*What you are asked to do:*
When you reach the line containing "I see you have", start transcribing exactly and continue through the last line of the data, skipping every picture.

Stored items from a collection:
______________________________
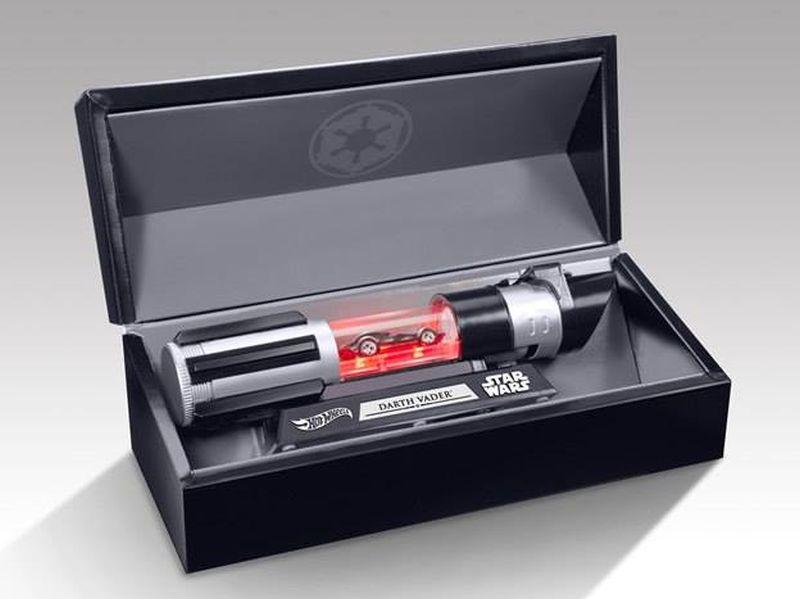 Although scans of Star Wars Insider #150 have been online, today is the official reveal of the San Diego Comic-Con Darth Vader character car from Hot Wheels. The car will come packed in a logo box with a Darth Vader lightsaber display that features lights and sounds.
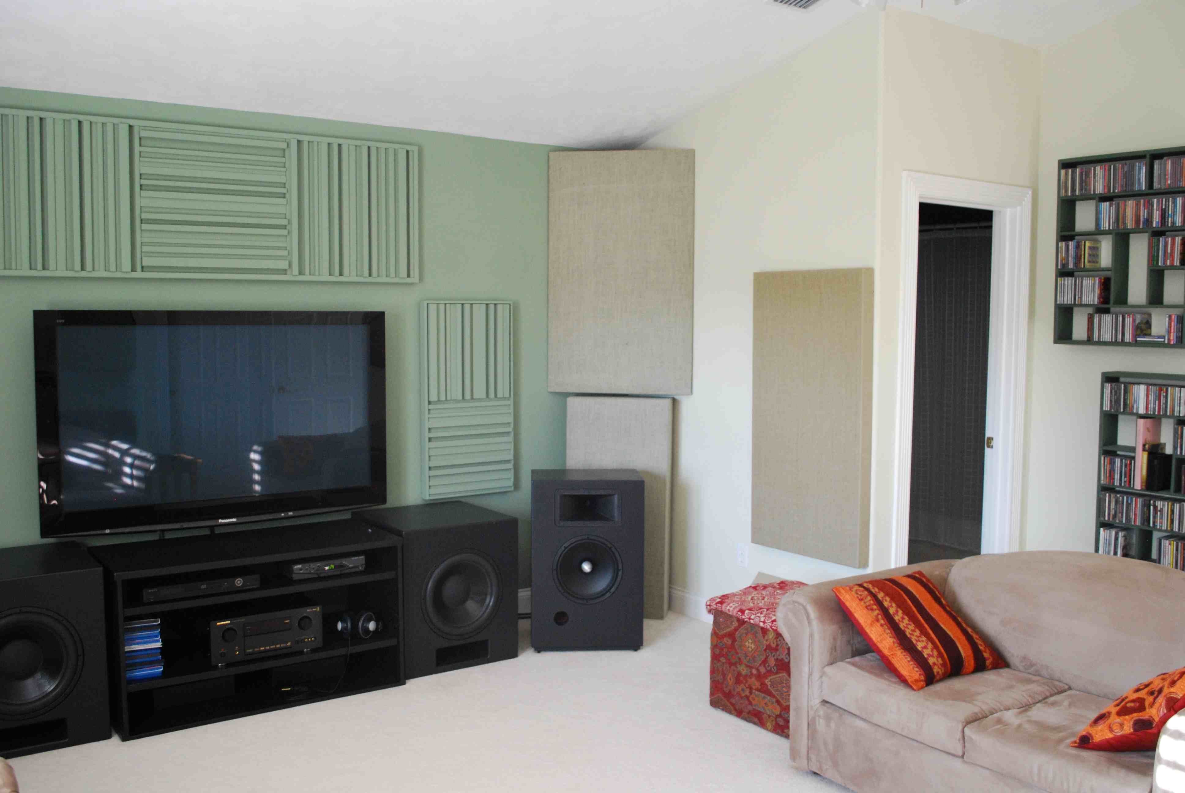 I see you have flanking subs in that photo - which is the best thing to do with your three π speakers. Constant directivity cornerhorns are a little different though. They have no need for flanking subs, because there is no reflection from the wall behind the speaker and the midhorn and woofer blend to smooth vertical modes.
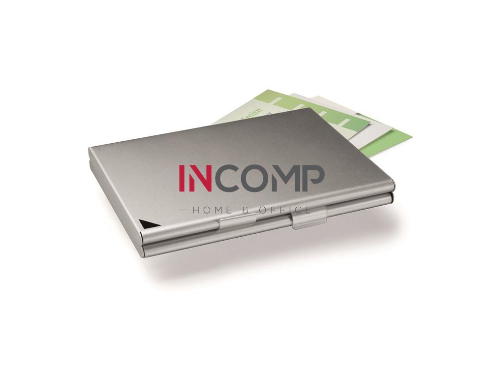 Elegantné hliníkové puzdro na vizitky s matným strieborným povrchom.
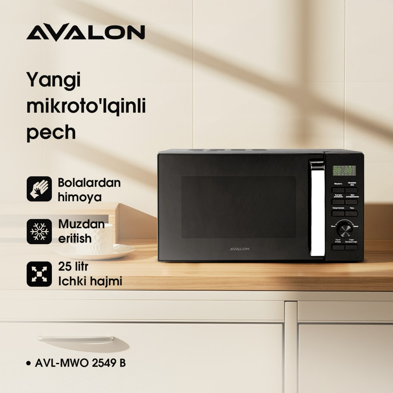 AVL-MWO 2549 B mikroto'lqinli pechning ichki hajmi 25 litrni tashkil qiladi. Boshqarish old panelda joylashgan boshqaruv tugmalari yordamida amalga oshiriladi. Bu sizga bir necha bosqichda optimal pishirish dasturini o'rnatish imkonini beradi. Ushbu modelda taymer ham mavjud. Ushbu mikroto'lqinli pechning maksimal quvvati 900 Vt.
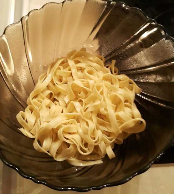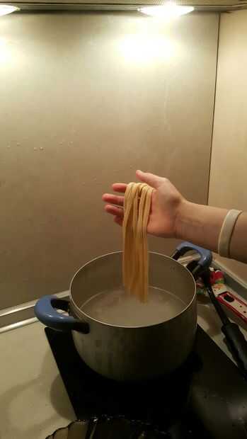 Para este paso tienes que agarrar una olla grande, añadir agua hirviendo y sal. A continuación, puede simplemente pone su pasta y espera hasta que suba a la superficie del agua. Tadaaa, la pasta está lista. Si desea puede decorar con aceite de oliva.
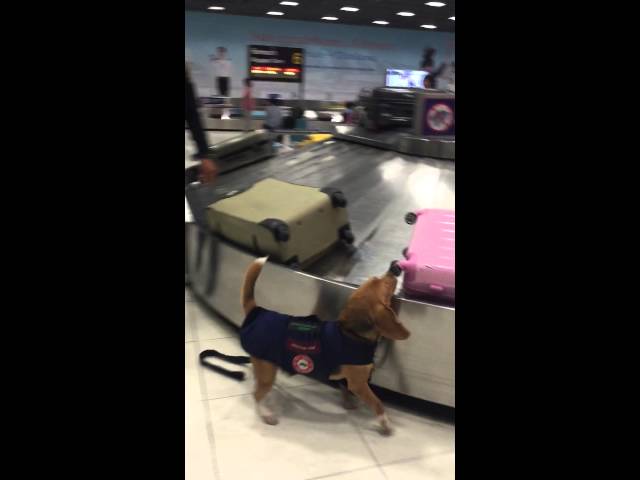 A service dog at the airport noticed this suitcase and
______________________________
*Result:*
 I see you have flanking subs in that photo - which is the best thing to do with your three π speakers. Constant directivity cornerhorns are a little different though. They have no need for flanking subs, because there is no reflection from the wall behind the speaker and the midhorn and woofer blend to smooth vertical modes.
 Elegantné hliníkové puzdro na vizitky s matným strieborným povrchom.
 AVL-MWO 2549 B mikroto'lqinli pechning ichki hajmi 25 litrni tashkil qiladi. Boshqarish old panelda joylashgan boshqaruv tugmalari yordamida amalga oshiriladi. Bu sizga bir necha bosqichda optimal pishirish dasturini o'rnatish imkonini beradi. Ushbu modelda taymer ham mavjud. Ushbu mikroto'lqinli pechning maksimal quvvati 900 Vt.
 Para este paso tienes que agarrar una olla grande, añadir agua hirviendo y sal. A continuación, puede simplemente pone su pasta y espera hasta que suba a la superficie del agua. Tadaaa, la pasta está lista. Si desea puede decorar con aceite de oliva.
 A service dog at the airport noticed this suitcase and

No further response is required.